__Data provided__.
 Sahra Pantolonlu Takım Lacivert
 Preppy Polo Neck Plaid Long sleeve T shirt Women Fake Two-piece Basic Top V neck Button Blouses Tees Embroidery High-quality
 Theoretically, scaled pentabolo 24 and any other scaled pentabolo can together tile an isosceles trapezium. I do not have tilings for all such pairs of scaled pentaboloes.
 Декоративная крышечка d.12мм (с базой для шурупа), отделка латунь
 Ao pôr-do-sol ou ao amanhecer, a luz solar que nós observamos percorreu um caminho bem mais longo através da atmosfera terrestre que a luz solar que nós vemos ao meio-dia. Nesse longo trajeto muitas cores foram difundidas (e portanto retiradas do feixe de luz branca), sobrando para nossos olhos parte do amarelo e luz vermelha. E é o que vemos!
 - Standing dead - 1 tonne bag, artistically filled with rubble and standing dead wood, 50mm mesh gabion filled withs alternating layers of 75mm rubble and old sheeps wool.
* * *
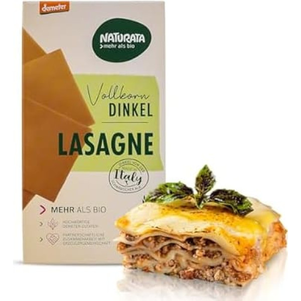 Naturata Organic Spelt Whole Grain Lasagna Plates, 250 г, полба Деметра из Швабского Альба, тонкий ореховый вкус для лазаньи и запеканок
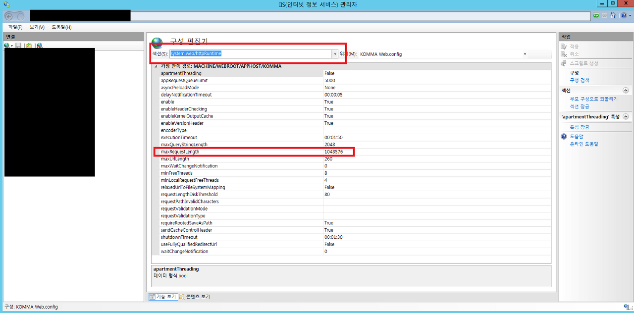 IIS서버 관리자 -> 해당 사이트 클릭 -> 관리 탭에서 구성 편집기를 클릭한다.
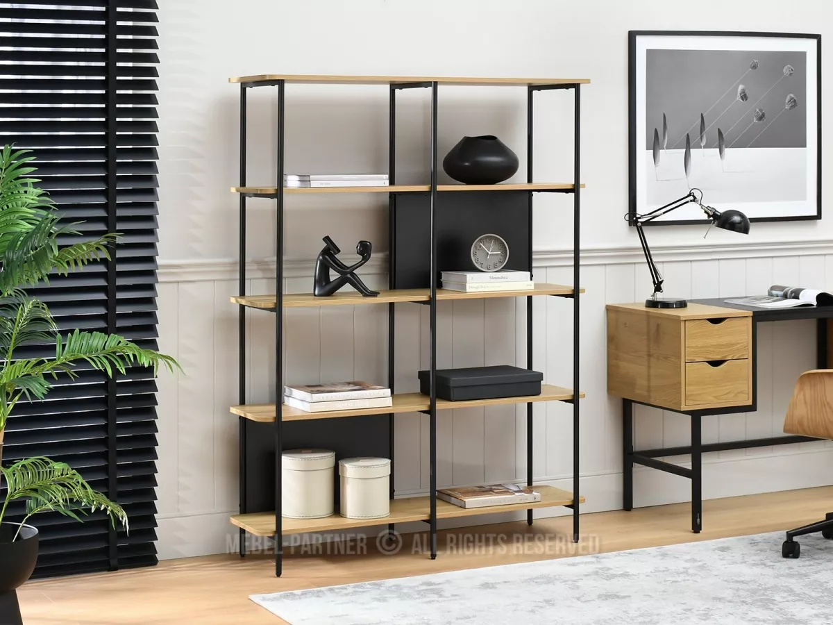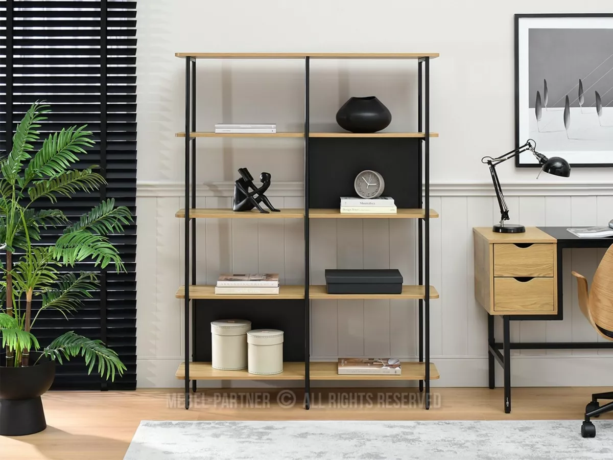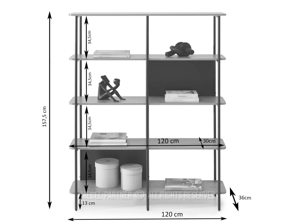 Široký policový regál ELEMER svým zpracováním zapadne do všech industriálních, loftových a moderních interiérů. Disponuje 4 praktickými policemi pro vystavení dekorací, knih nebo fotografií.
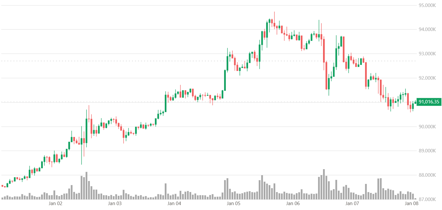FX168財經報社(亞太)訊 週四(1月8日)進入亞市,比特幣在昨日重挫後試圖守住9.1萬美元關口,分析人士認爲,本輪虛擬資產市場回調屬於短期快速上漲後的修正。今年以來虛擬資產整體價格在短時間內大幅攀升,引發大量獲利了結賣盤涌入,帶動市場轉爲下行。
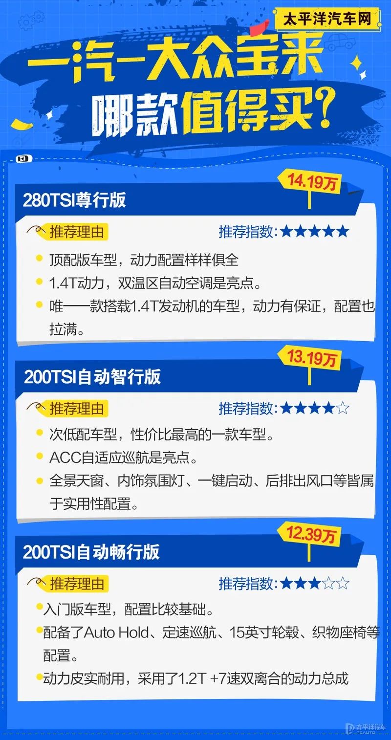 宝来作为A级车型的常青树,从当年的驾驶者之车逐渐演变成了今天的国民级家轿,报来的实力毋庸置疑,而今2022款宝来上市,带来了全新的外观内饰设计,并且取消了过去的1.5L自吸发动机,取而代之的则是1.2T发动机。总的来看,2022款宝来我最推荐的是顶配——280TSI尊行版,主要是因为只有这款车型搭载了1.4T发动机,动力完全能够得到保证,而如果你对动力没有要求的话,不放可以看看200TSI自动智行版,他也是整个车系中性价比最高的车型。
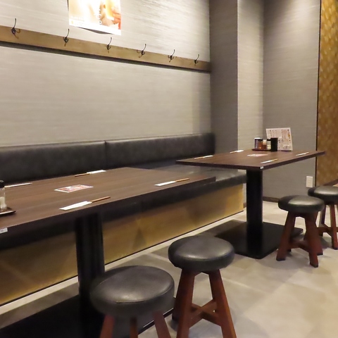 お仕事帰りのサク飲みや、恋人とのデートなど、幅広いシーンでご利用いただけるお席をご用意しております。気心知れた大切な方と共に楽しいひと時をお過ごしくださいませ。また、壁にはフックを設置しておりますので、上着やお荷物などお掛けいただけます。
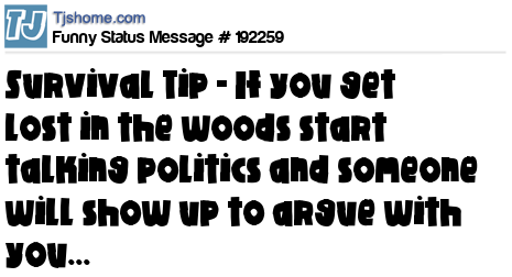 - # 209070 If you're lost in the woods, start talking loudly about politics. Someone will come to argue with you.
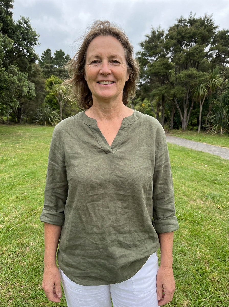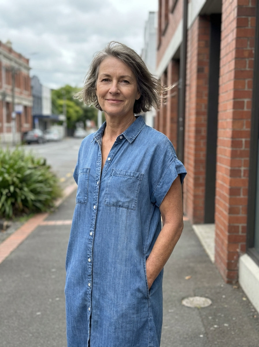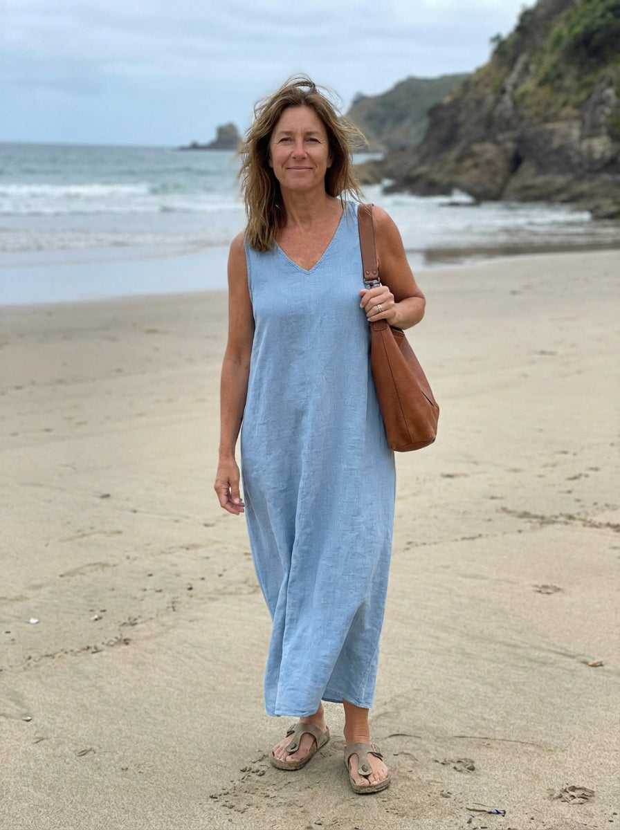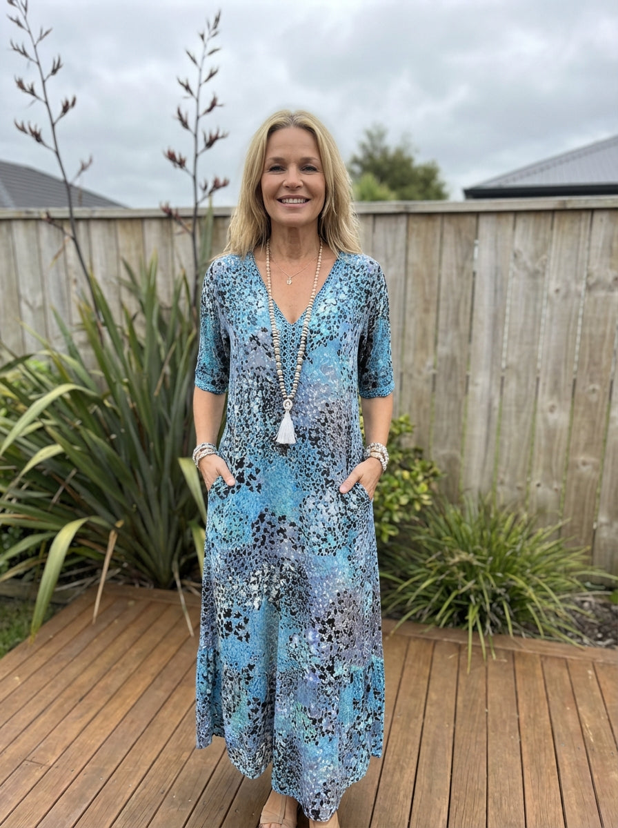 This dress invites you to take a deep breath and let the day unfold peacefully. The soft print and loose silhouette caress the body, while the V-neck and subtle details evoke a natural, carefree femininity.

__Exercise objective__. All that should be written out is the stretch of lines above between the one holding "Ao pôr-do-sol ou" and the one holding "- Standing dead", inclusive, exactly as given.

__Exercise result__.
 Ao pôr-do-sol ou ao amanhecer, a luz solar que nós observamos percorreu um caminho bem mais longo através da atmosfera terrestre que a luz solar que nós vemos ao meio-dia. Nesse longo trajeto muitas cores foram difundidas (e portanto retiradas do feixe de luz branca), sobrando para nossos olhos parte do amarelo e luz vermelha. E é o que vemos!
 - Standing dead - 1 tonne bag, artistically filled with rubble and standing dead wood, 50mm mesh gabion filled withs alternating layers of 75mm rubble and old sheeps wool.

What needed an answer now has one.